Tuesday, January 13, 2015

Favorite books I read in 2014

From THE TIMES and NEWS-STAR, Jan. 4
The best book I read in 2014 was two books, the second of which had been available since 1978.

Better late than never.

Herman Wouk's World War II daily double, the historical novels "Winds of War" and "War and Remembrance," was my ride of the year. Mercy. And if I can this year watch the miniseries that was so big in the 1980s, I'll die a happy man.

Wouk's effort comes on the heels of my favorite series read last year, Rick Atkinson's WWII non-fiction Liberation Trilogy, and Steig Larsson's "Dragon Tattoo" trilogy in 2012.

All three had been available for a few years before I read them. The good thing about being late to the party is you don"t have to wait for the author to complete the series. Hollah!
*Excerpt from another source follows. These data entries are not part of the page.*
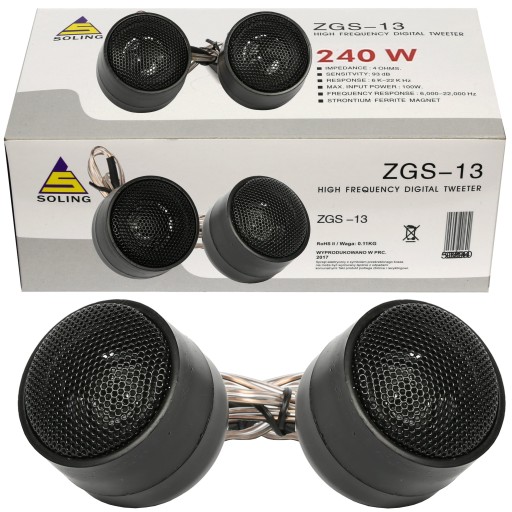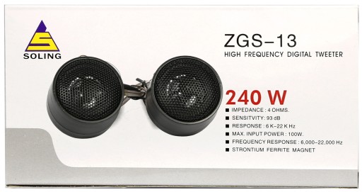 Porządne wysoko-tonowe głośniki elektrodynamiczne z magnesem i wbudowaną zwrotnicą na kablu. Grają wysokim, soczystym sopranem. Można je podłączyć bezpośrednio pod radio lub równolegle do głośnika basowego bez obawy spalenia. Spełniają swoją funkcję pod samym radiem ale dzięki wysokiej mocy można je podłączyć pod wzmacniacz o mocy do 100W RMS.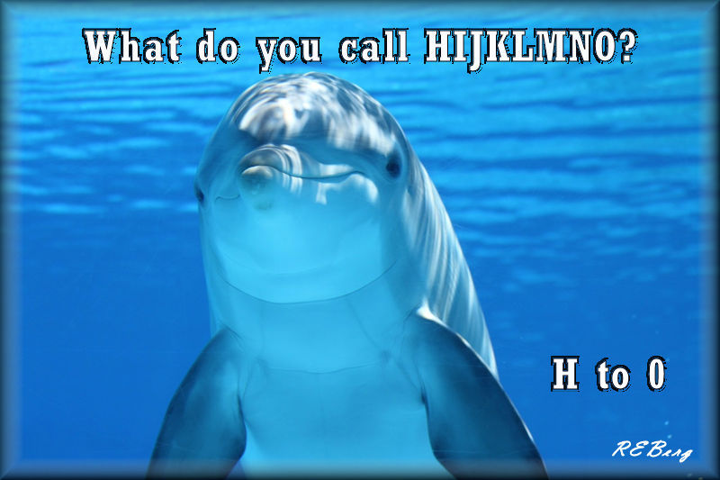 Something In The Water Image August 30, 2023 R.E. Berg humor, joke, meme, Punishingly Punny Too, Ready Reading alphabet, dolphin, h2o, water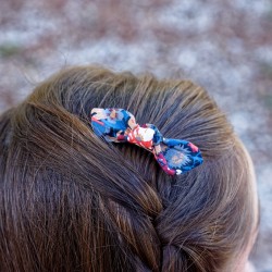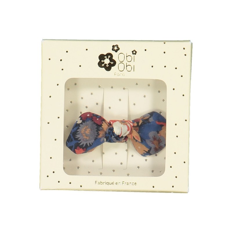 Barrette en véritable tissu Liberty Thorpe Burnt monté de type pince croco . Packaging : boite cadeau dorée à l'or chaud (dimension : 9 X 9 X 1,5cm). Fabrication française.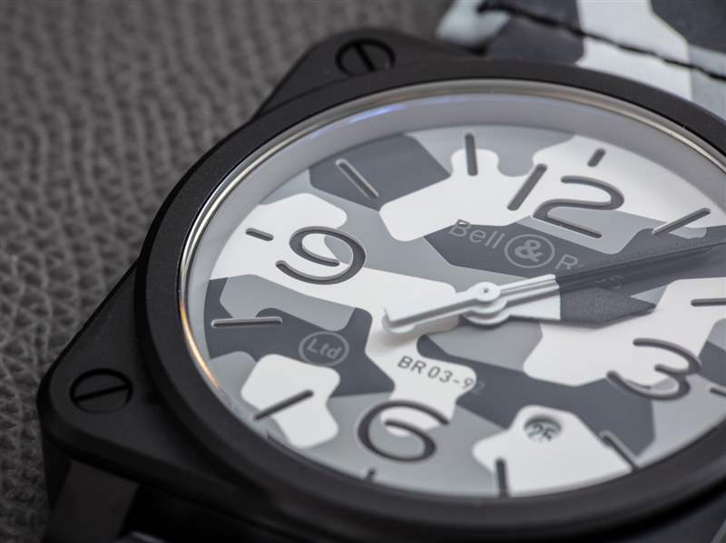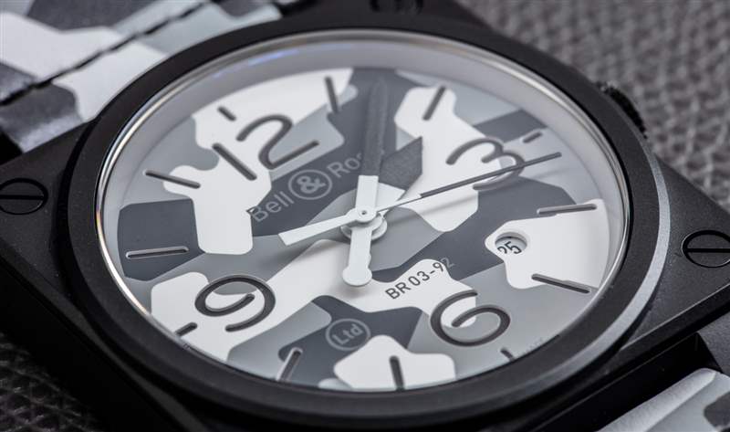 BR 03-92 Camo 是核心 BR 03-92 Instrument 手表的全新限量版,它是較大的 BR 01-03(46 毫米寬)的較小的 42 毫米寬版本。對于這款特殊的產品,Bell & Ross 從啞光黑色陶瓷表殼開始,然后將駕駛艙時鐘風格的表盤呈現為白色和灰色的都市風格迷彩。手表配有兩條表帶。一個是黑色橡膠表帶,另一個是皮革表帶,上面印有相同的白色迷彩圖案。廣告訊息廣告信息結束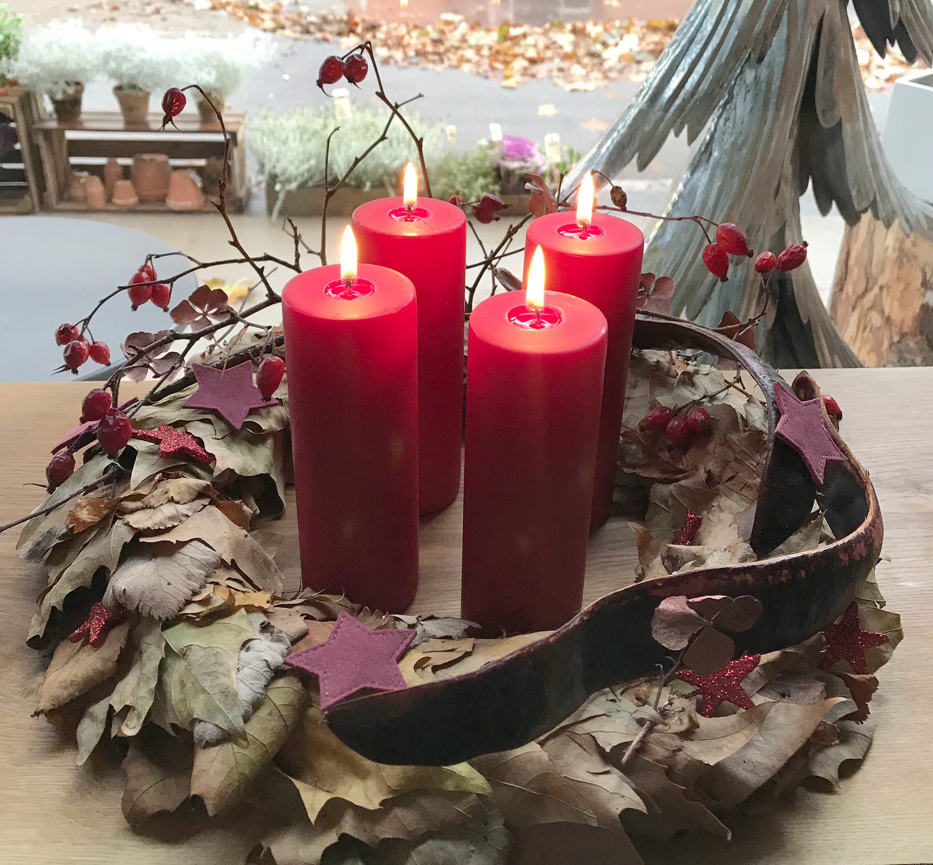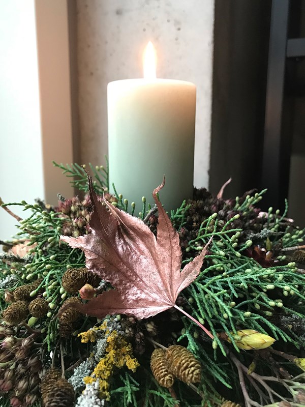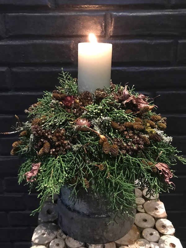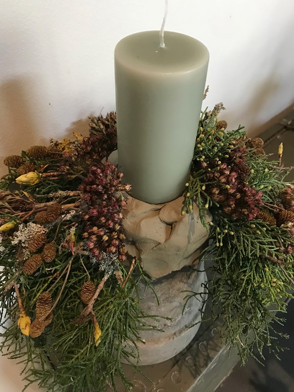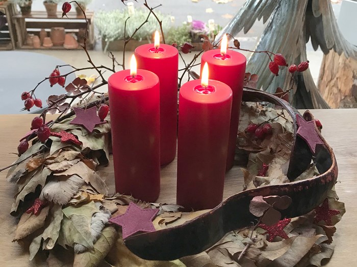 3. Placer de 4 høje bloklys i midten af kransen. Et fad kan evt. Placeres nedenunder for at undgå dryppende stearin.

I would have read none of the above unless friends had suggested them. A dicey maneuver, suggesting books. But I'd rather cull through the misses than miss the good ones. While we have different tastes and what floats my boat might not float yours, we still need to throw caution to the wind and suggest, with qualifiers. (Such as, "You might hate this, but I loved it!" That warning gets you off the

So please keep the suggestions coming. Here are my favorites of 2014, behind Wouk's home run, which I can't recommend enough. (I enjoyed Wouk's "Don't Stop the Carnival" years ago, and have his "The Caine Mutiny" on tap for this year. Joy!)
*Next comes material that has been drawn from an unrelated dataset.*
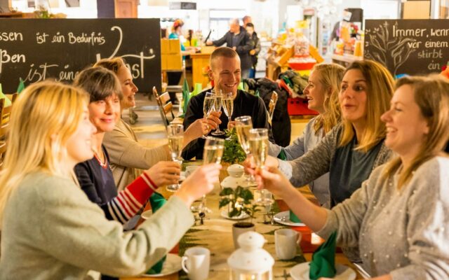 Der Raum Waldblick besticht durch seine helle und edle Atmosphäre, geprägt von natürlichen Holzmaterialien. Mit einer exklusiven Terrasse bietet er den perfekten Ort für Sommerfeste oder gemütliche Zusammenkünfte im Winter am Feuerkorb. Eine maximale Kapazität von 50 Personen macht ihn ideal für verschiedenste Events.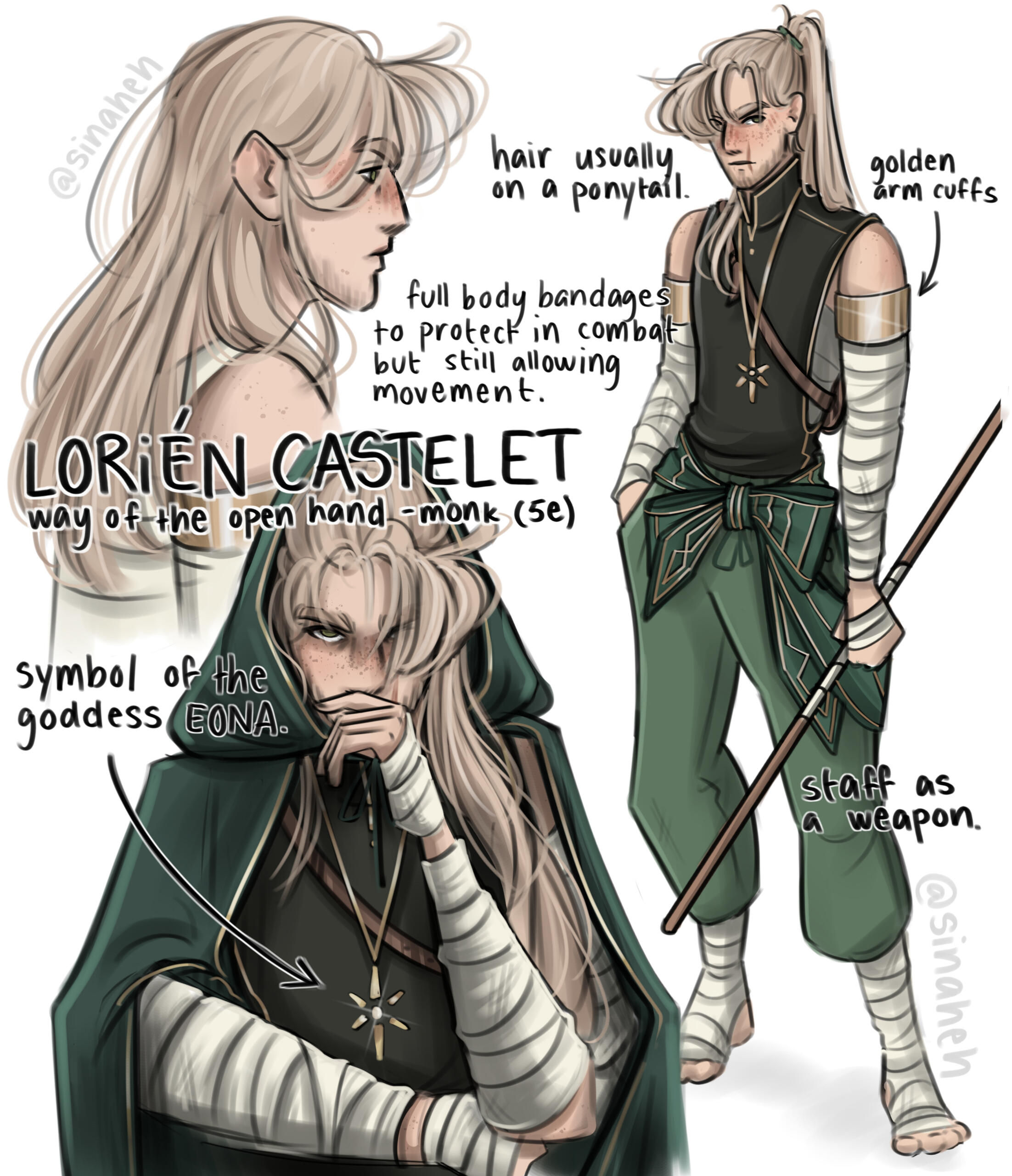 • Lorién Castelet is the Bastard Prince of Bright Capital and the son of the Queen. He's currently the head of the Monastery: Abbey of Eona.• He was disowed by the Royal couple and banished from the castle after assassinating the Prince, his younger brother, Kal.• He has blonde long hair and bangs that falls on one side of his face. The hair is mainly kept in a high ponytail but in some occasions he might braid it. Rarely is it seen completely open.• He has piercing green eyes, some freckles and a single scar on top of his lip that seems very out of place. He usually wears his monastery uniform and wrappings similar to Leo's.• Lorién's go to weapon in fight is his quarterstaff or his fists.

Best of Authors I Hadn't Read Before: Phillip Meyer is relatively new on the scene. "The Son" is the best Texas-Western saga I've read since Larry McMurtry's "Lonesome Dove." These next three were, like "The Son," recommended, enjoyed and deeply appreciated and I'll be back for more: "The Rewrite Man," a Hollywood novel by Bryan Forbes (1982); "The Kill Artist" by Daniel Silva (1998), my introduction to Israeli spy Gabriel Allon; "Heartstone" by Phillip Margolin (1978), written in an elementary style (his first of many novels) but with twists you won't figure out.
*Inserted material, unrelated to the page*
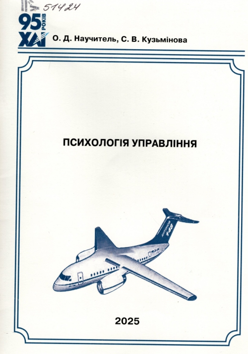 Научитель О. Д. Психологія управління : навч.-практ. посіб. / Олена Давидівна Научитель, Світлана Володимирівна Кузьмінова ; Нац. аерокосм. ун-т ім. М. Є. Жуковського "Харківський авіаційний інститут". – Харків : Нац. аерокосм. ун-т ім. М. Є. Жуковського "Харк. авіац. ін-т", 2025. – 63 с. : табл.

Biggest Surprise: Not close. "Kiss Me Like a Stranger" by Gene Wilder
(2005) was not only well-written but informative -- if you're a Wilder fan as I've been since "Willie Wonka" -- and emotional. The deeply talented Wilder shares in a helpful and moving way.

Favorites From Old Reliables: "Deadwood" (1986) and "Paris Trout"
(1987) by former newspaperman Pete Dexter. The first is filled with conversation like the kind in the movie "Butch Cassidy and the Sundance Kid." The second is equally real and disturbing dialogue from disturbing characters. "The Big Burn: Teddy Roosevelt and The Fire That Saved America? (2009) by Timothy Egan is carried even more by Egan's wonderful writing than it is by the story of a 1910 wildfire that had a decent shot at burning up the Pacific Northwest.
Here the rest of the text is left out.